→ **TASK TO CARRY OUT**
Exclude the pictures, then restate exactly each line of the data below from the first through the line containing "Juliana Mock Neck Ribbed Sweater, Ivory".

→ **DATASET CONTENT**
[Start of Attachment]

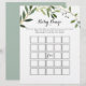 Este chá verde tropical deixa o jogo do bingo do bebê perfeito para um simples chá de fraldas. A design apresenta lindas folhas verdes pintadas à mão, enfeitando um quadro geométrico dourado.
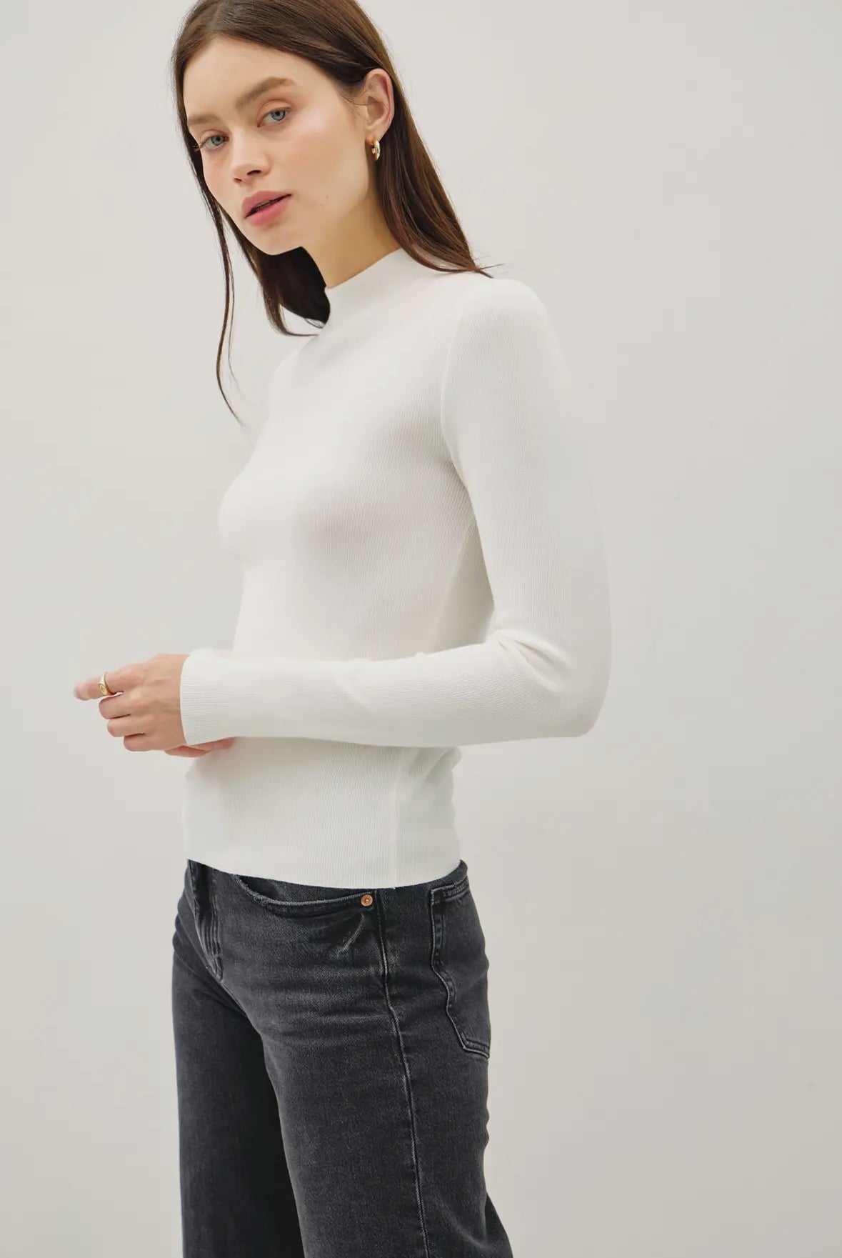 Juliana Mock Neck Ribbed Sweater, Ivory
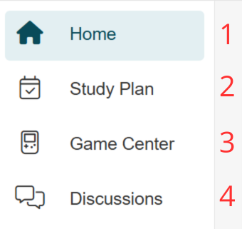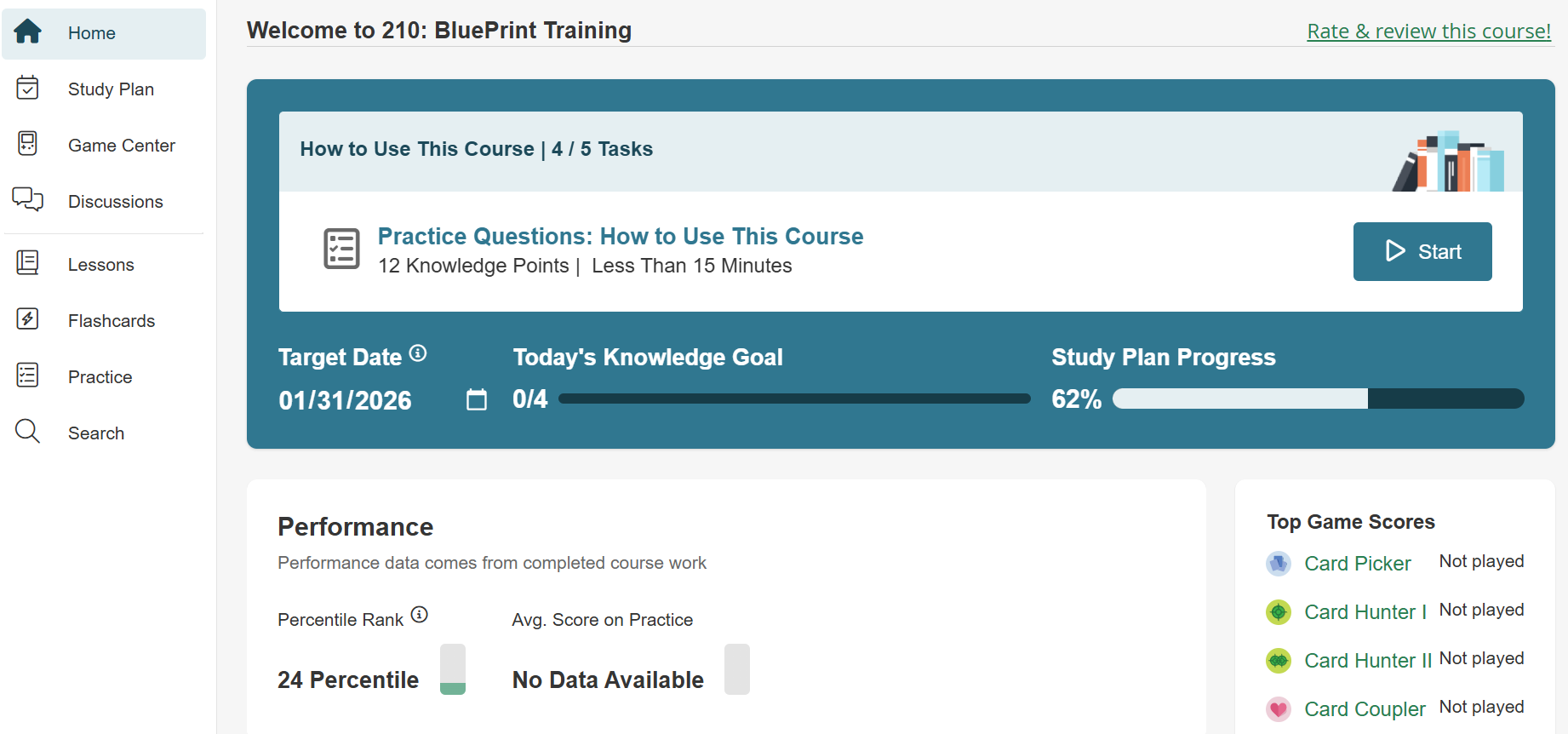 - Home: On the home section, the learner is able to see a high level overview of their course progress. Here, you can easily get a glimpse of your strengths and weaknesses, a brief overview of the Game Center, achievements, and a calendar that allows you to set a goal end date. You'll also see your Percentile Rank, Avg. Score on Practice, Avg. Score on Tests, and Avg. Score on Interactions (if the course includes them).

[End of Attachment]

→ **OUTPUT**
 Este chá verde tropical deixa o jogo do bingo do bebê perfeito para um simples chá de fraldas. A design apresenta lindas folhas verdes pintadas à mão, enfeitando um quadro geométrico dourado.
 Juliana Mock Neck Ribbed Sweater, Ivory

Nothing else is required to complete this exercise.